* _Exercise aim_
Quote only the span from the first line of the entries to the line containing "has been scheduled.", both ends kept. Leave every picture out.

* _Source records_
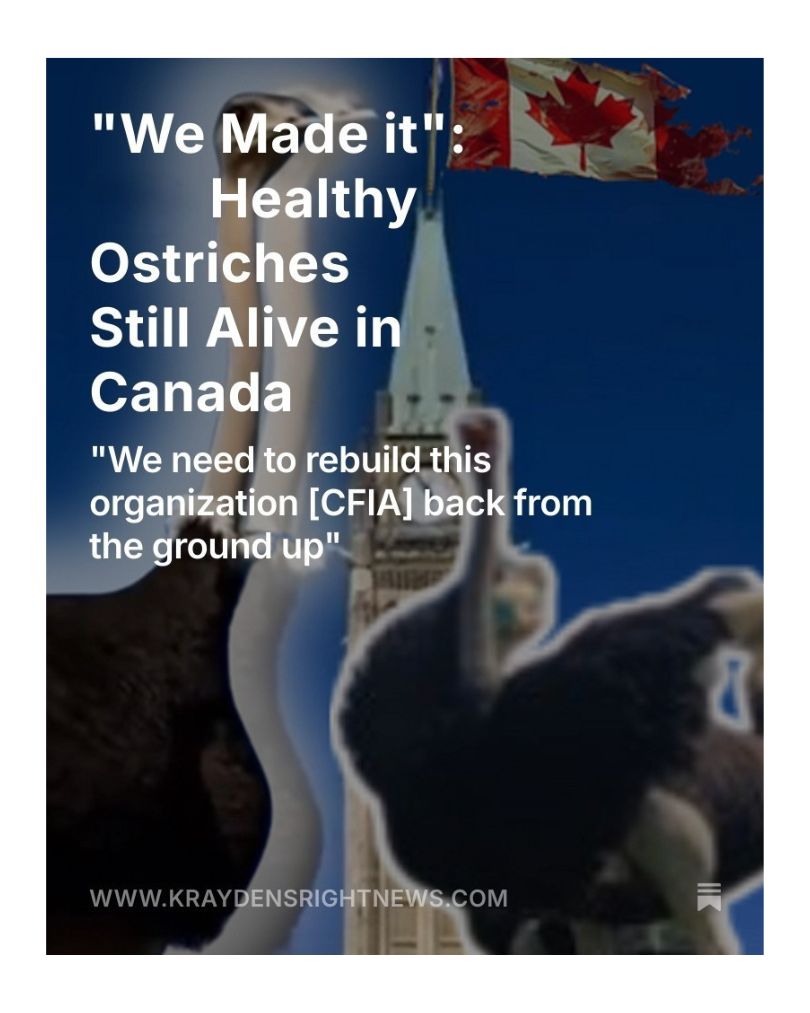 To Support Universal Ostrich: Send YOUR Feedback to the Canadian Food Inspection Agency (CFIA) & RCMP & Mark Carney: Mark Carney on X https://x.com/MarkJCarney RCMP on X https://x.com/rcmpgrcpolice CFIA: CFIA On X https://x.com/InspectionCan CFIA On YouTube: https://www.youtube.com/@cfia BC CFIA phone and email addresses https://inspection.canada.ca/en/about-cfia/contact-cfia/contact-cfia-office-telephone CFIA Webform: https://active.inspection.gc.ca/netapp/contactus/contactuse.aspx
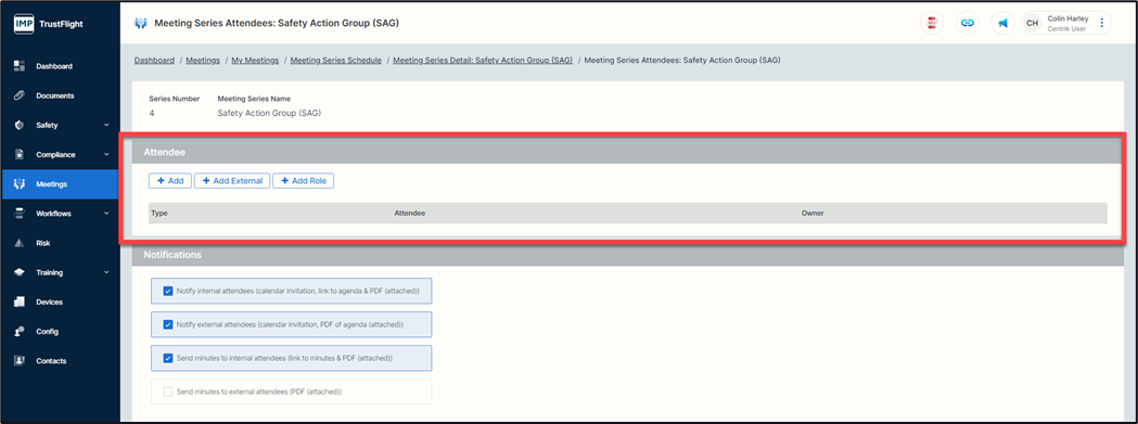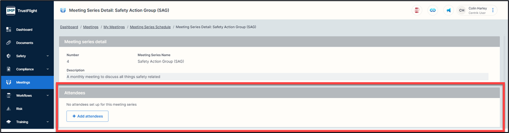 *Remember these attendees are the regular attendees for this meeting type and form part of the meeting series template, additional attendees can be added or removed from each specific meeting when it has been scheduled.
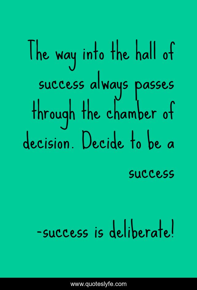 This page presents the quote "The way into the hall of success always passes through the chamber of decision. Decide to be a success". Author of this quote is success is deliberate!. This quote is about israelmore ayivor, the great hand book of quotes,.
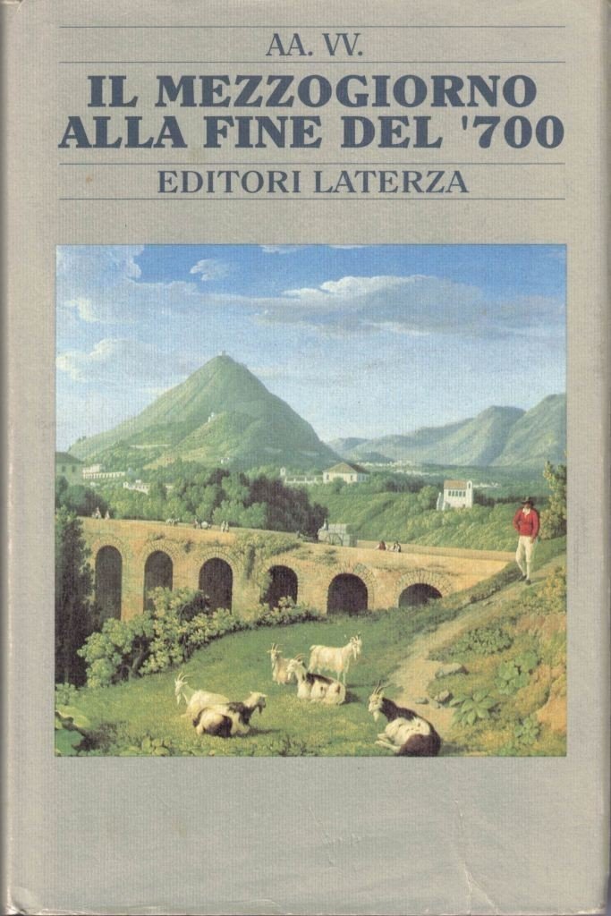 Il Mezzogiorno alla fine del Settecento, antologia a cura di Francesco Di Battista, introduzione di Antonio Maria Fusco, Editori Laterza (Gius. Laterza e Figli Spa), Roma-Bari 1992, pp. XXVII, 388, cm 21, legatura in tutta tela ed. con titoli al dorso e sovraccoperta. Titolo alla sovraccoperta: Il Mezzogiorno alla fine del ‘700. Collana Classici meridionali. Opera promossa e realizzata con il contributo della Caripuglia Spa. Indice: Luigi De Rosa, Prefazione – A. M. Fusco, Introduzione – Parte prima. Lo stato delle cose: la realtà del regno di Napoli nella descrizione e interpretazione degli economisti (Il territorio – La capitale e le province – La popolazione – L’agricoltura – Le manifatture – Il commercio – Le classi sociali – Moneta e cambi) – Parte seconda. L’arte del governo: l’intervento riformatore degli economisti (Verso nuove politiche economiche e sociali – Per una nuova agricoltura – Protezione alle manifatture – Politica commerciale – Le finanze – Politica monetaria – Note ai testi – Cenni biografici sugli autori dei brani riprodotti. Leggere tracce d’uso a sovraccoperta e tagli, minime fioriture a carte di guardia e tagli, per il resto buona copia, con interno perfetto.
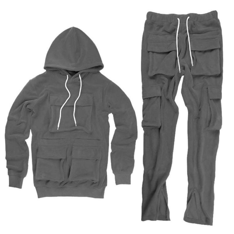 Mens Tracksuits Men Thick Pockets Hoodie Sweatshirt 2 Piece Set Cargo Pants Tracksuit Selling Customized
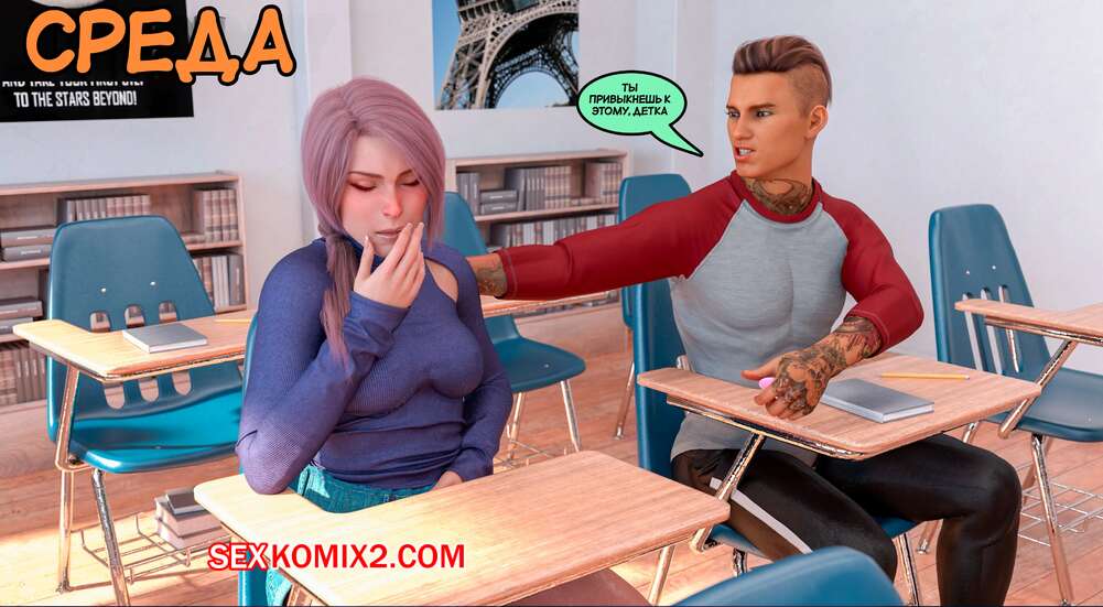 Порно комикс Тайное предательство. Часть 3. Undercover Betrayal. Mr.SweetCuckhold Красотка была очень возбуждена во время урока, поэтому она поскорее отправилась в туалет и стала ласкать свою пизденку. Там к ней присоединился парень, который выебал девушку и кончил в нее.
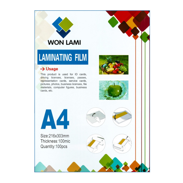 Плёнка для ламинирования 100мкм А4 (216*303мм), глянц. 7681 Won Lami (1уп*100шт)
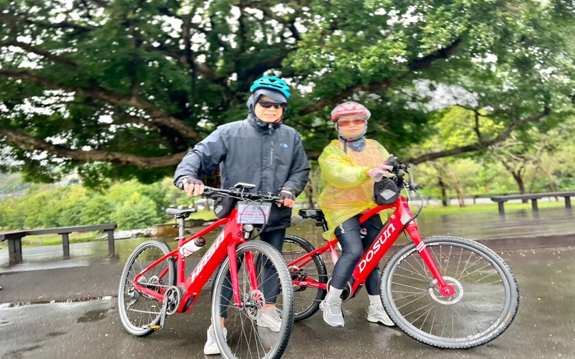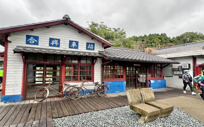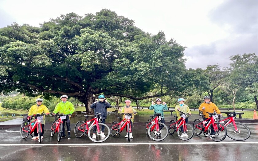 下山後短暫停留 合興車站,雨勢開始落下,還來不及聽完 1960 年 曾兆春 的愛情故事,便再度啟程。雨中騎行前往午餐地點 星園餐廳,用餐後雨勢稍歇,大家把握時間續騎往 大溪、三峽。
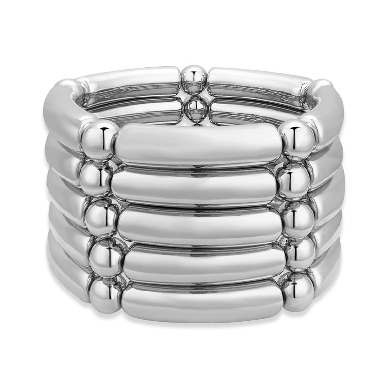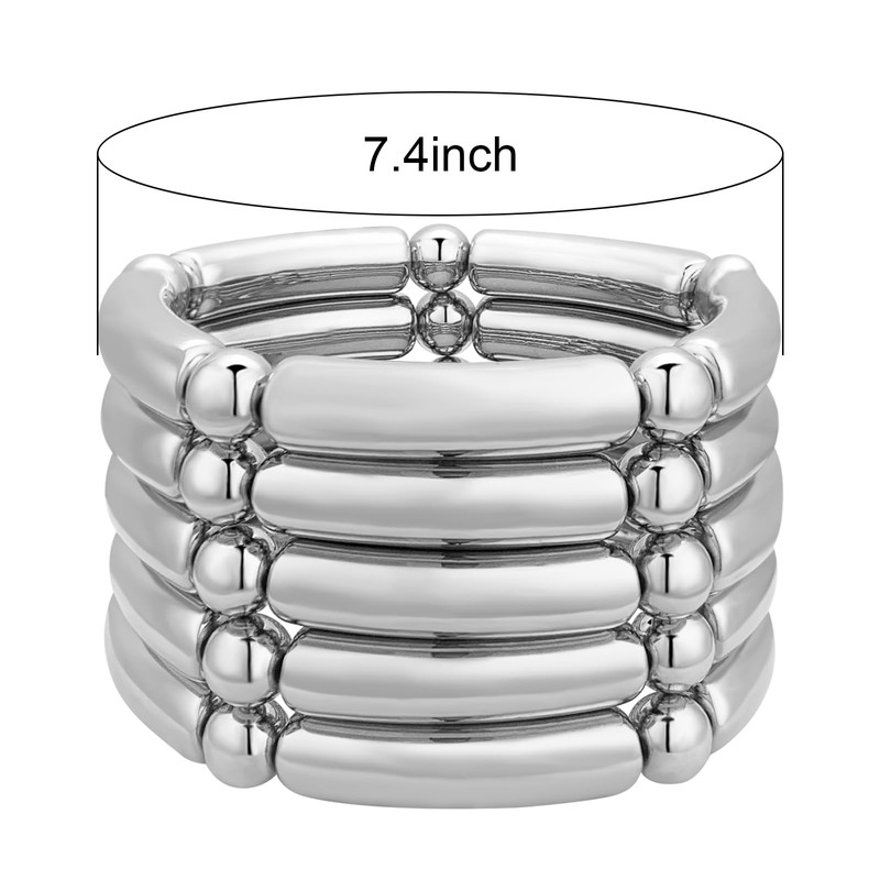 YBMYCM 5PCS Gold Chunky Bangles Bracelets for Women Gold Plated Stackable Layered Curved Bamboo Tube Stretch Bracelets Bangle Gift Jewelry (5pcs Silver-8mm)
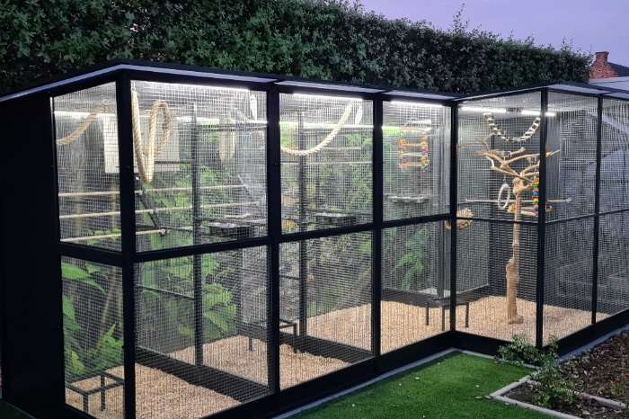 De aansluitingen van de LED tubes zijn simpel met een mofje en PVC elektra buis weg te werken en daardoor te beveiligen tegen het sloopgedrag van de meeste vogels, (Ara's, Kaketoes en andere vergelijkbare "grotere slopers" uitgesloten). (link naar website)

* _Expected output_
 To Support Universal Ostrich: Send YOUR Feedback to the Canadian Food Inspection Agency (CFIA) & RCMP & Mark Carney: Mark Carney on X https://x.com/MarkJCarney RCMP on X https://x.com/rcmpgrcpolice CFIA: CFIA On X https://x.com/InspectionCan CFIA On YouTube: https://www.youtube.com/@cfia BC CFIA phone and email addresses https://inspection.canada.ca/en/about-cfia/contact-cfia/contact-cfia-office-telephone CFIA Webform: https://active.inspection.gc.ca/netapp/contactus/contactuse.aspx
 *Remember these attendees are the regular attendees for this meeting type and form part of the meeting series template, additional attendees can be added or removed from each specific meeting when it has been scheduled.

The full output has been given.